All the indicators within the ‘History, Action and Capacity’ domain (HAC) have excellent intra-rater reliability, with the exception of indicator ‘HAC.4’ which was found to have good intra-rater reliability (ICC = 0.74). Furthermore, indicator ‘HAC.1’ revealed an ICC value of 1. The mean ICC value of the indicators is 0.91, which indicates excellent intra-rater reliability.
Most of the indicators (6 of 8) within the ‘Commitment and Motivation’ domain (CM) have excellent intra-rater reliability. Furthermore, fair intra-rater reliability was demonstrated for indicator ‘CM.5’ (ICC = 0.50), while good intra-rater reliability was demonstrated for indicator ‘CM.8’ (ICC = 0.60). Indicator ‘CM.6’ moreover revealed an ICC value of 1. The average amount of agreement over the indicators can be classified as excellent (ICC = 0.82).
We also found excellent intra-rater reliability for all of the indicators within the ‘Protection and risk mitigating’ domain (P), with the exception of indicator ‘P.6’ which was found to have fair intra-rater reliability (ICC = 0.57). The mean ICC value of the indicators is 0.80, which indicates excellent intra-rater reliability.
Overall, the average amount of agreement over the VERA-2R indicators can be classified as excellent (ICC = 0.82).
Intra-rater reliability structured risk judgements
Table 5 presents the ICCs for the structured risk judgements. We found good to excellent intra-rater reliability for the structured risk judgements across all the domains, with ICC values ranging from 0.63 (Domain BA) to 0.88 (Domain HAC). With respect to the structured final risk judgement, the results reveal an excellent level of agreement between the assessors (κ = 0.81).

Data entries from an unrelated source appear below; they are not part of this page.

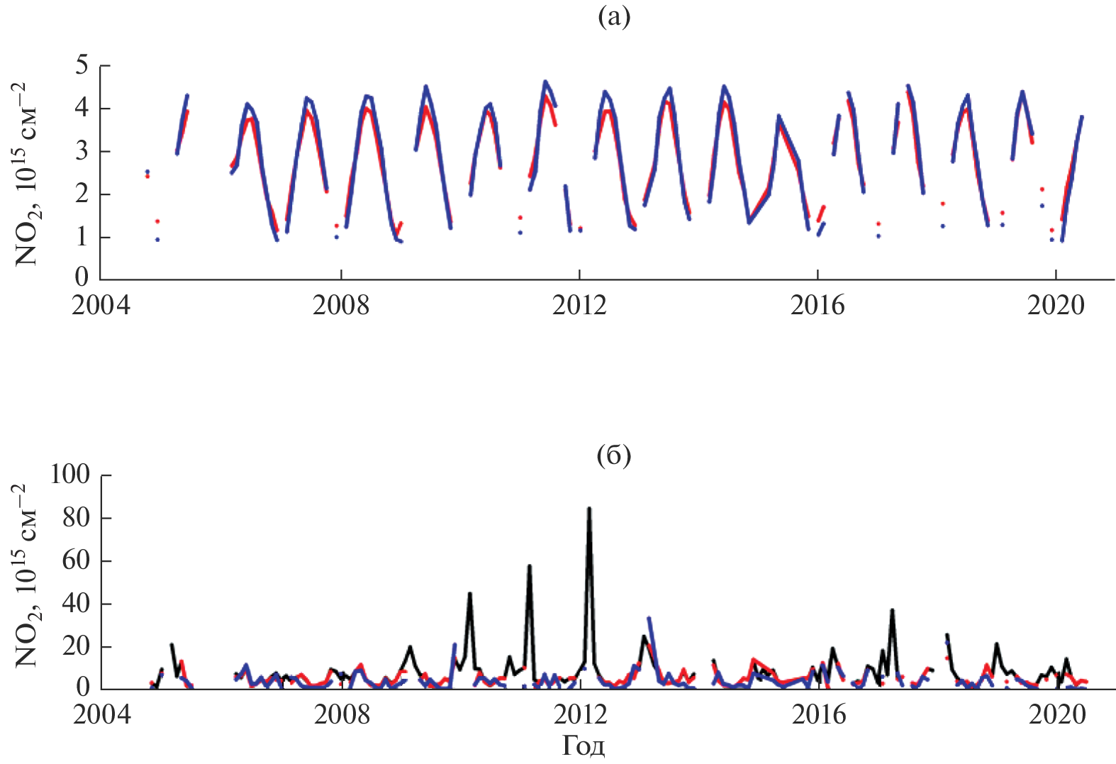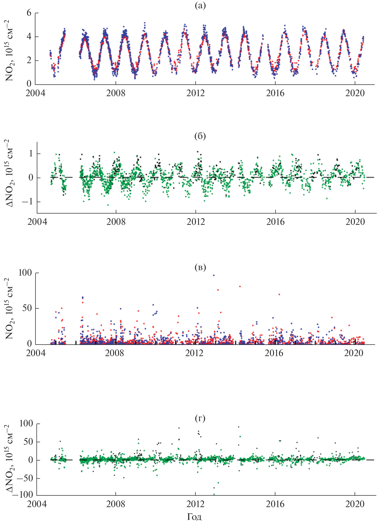 - Celarier E.A., Brinksma E.J., Gleason J.F., Veefkind J.P., Cede A., Herman J.R., Ionov D., Goutail F., Pommereau J.P., Lambert J.C., van Roozendael M., Pinardi G., Wittrock F., Schonhardt A., Richter A., Ibrahim O.W., Wagner T., Bojkov B. Mount G., Spinei E., Chen C. M., Pongetti T.J., Sander S.P., Bucsela E.J., Wenig M.O., Swart D.P.J., Volten H., Kroon M., Levelt P.F. Validation of Ozone Monitoring Instrument nitrogen dioxide columns // J. Geophys. Res. 2008. V. 113. № D15S15. https://doi.org/10.1029/2007JD008908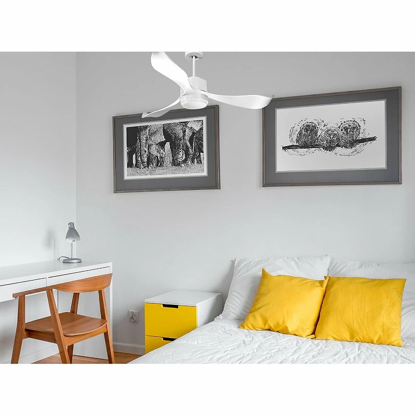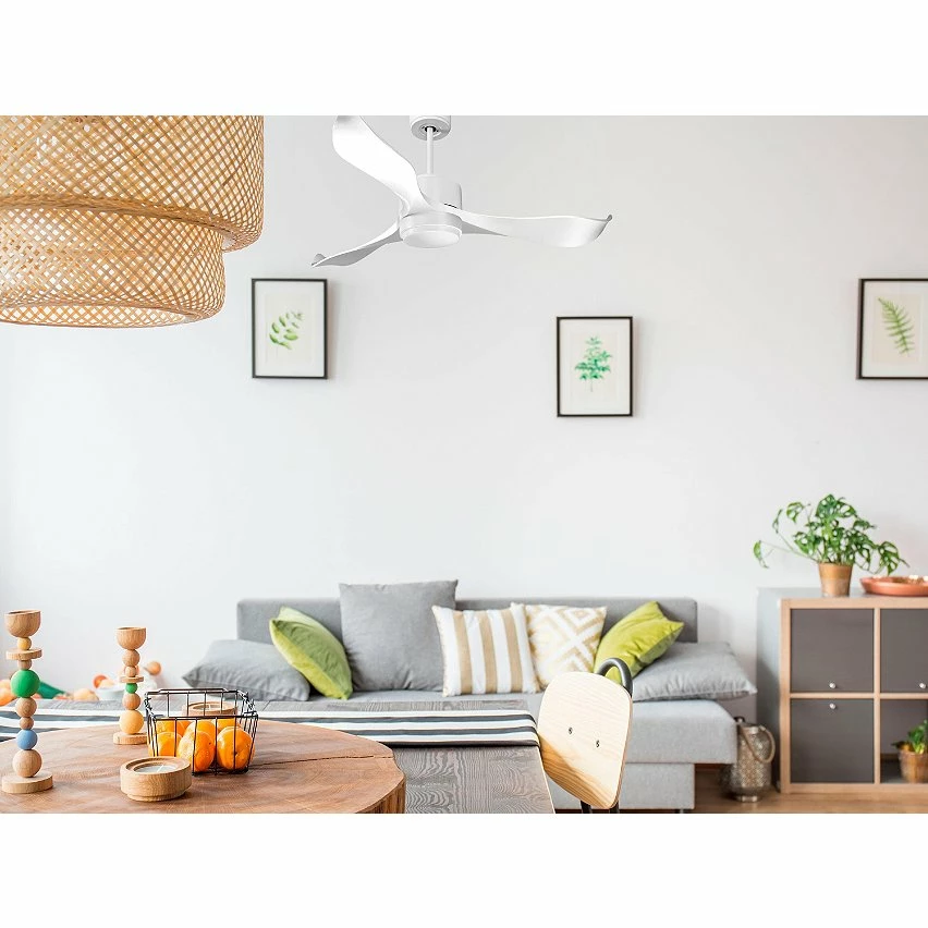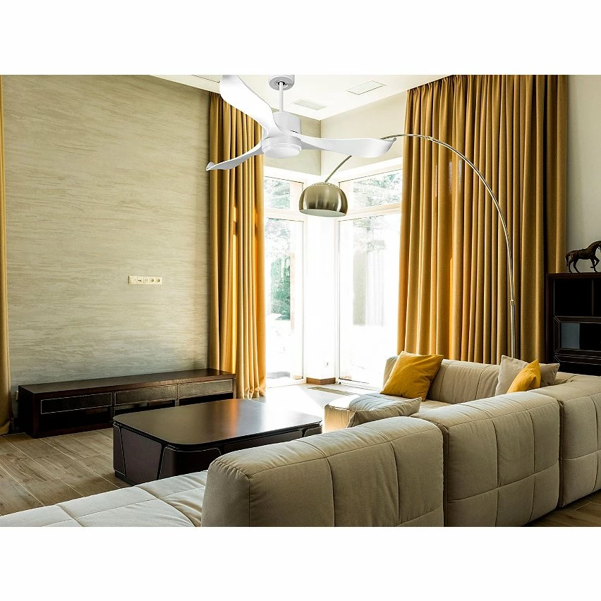 Les pales aérodynamiques en ABS confèrent au ventilateur une grande légèreté, et ont été traitées à la main pour être totalement équilibrées et ne pas produire de vibrations. Ce modèle à 3 Pales de couleur blanc a un diamètre de 132 cm et atteint une grande vitesse.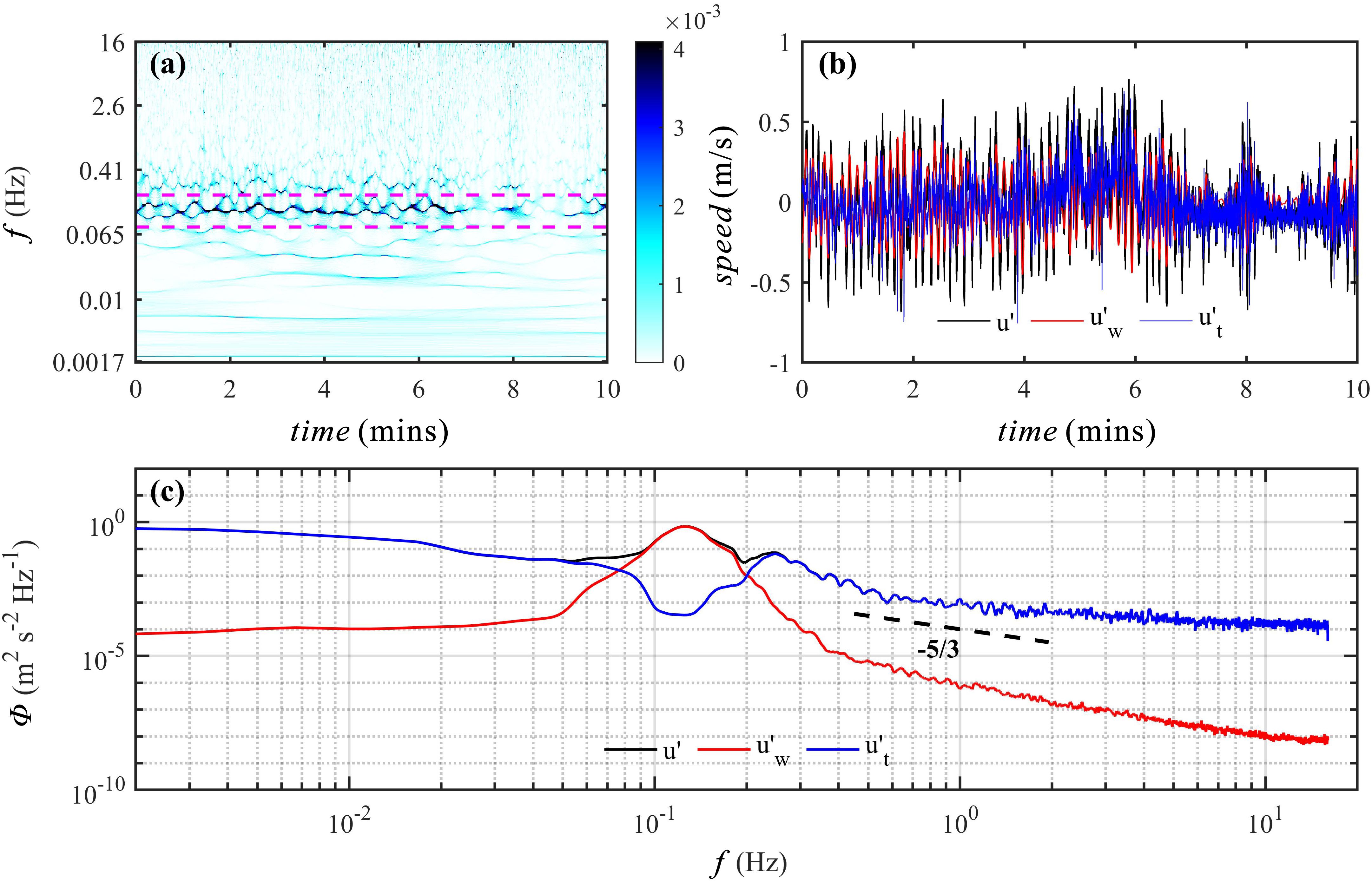 Figure 2. Wave-turbulence decomposition results of fluctuating velocity at Station H (6th burst, significant wave height approximately 1.33 m). (a) SWT analysis of fluctuating velocity, with the purple dashed lines demarcating the wave-dominated frequency range (0.08-0.2 Hz); (b) Time series of (black line), (red line), and (blue line); (c) Power spectra of (black line), (red line), and (blue line), with the black dashed line representing Kolmogorov’s “−5/3” theoretical spectrum.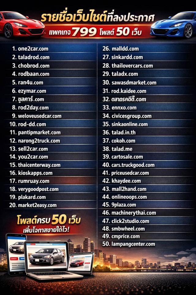 แพ็กเกจ A 799 บาท • โพสต์ 50 เว็บรถชั้นนำ เพิ่มโอกาสขายยิ่งขึ้น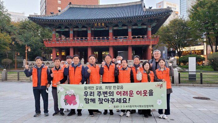 먼저 종로1·2·3·4가동은 지난 10월에 이어 11월 8일, 관철동 일대에서 동지역사회보장협의체와 함께 캠페인을 펼쳤다. 경제적 어려움을 겪고 있지만 복지 서비스를 받지 못하는 숨은 이웃을 선제적으로 찾아내고 적절한 도움을 주려는 뜻에서다. 참여자들은 유동 인구가 많은 길거리, 편의점, 식당 등을 고루 방문해 사회적 고립 위험 가구에 대한 신고체계 안내문과 홍보물품을 전달했다.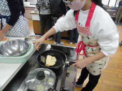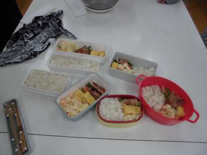 6の1で、お弁当のおかず作りの実習をしました。限られた食材を使って、自分たちで食べたいおかずをつくるために、材料はどのくらいいるのか、ガスコンロ2つでおかず3品作るために、調理工程はどうしたらいいかと、班で考えてきました。家庭科でやってきた調理の集大成にふさわしく、真剣に、でも楽しんで調理をしていました。片づけもテキパキできました。力を合わせて作った初めてのお弁当は、格別の味でした。2組、3組も今週から来週にかけて取り組んでいきます。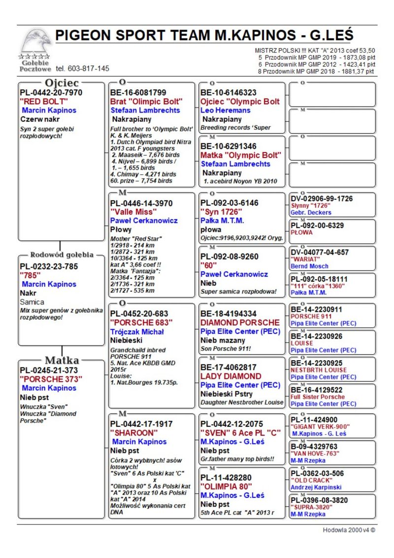 Samiczka pięknie zbudowana jest córką "Red Bolt", matka córka "Porsche 683" i "Scharoon".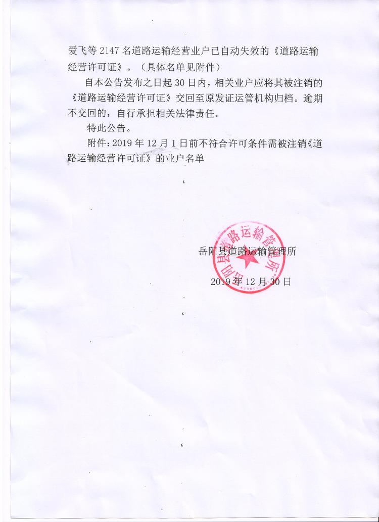 2019年12月1日前不符合许可条件需被注销《道路运输经营许可证》的业户名单.xls

Intra-rater reliability additional indicators
The results for the additional indicators are demonstrated in Table 6. The additional indicators all have good to excellent intra-rater reliability, with the exception of indicator ‘PH.3’, which was found to have moderate intra-rater reliability (κ = 0.59). Furthermore, four indicators revealed a kappa coefficient of 1, which implies perfect intra-rater reliability. Overall, the average amount of agreement over the additional indicators can be classified as excellent (κ = 0.86).
Discussion
Given that risk assessments have a significant role to play in the fight against violent extremism and terrorism (6, 25), it is of importance that the risk assessment tools for violent extremism and terrorism provide reliable and valid risk assessments.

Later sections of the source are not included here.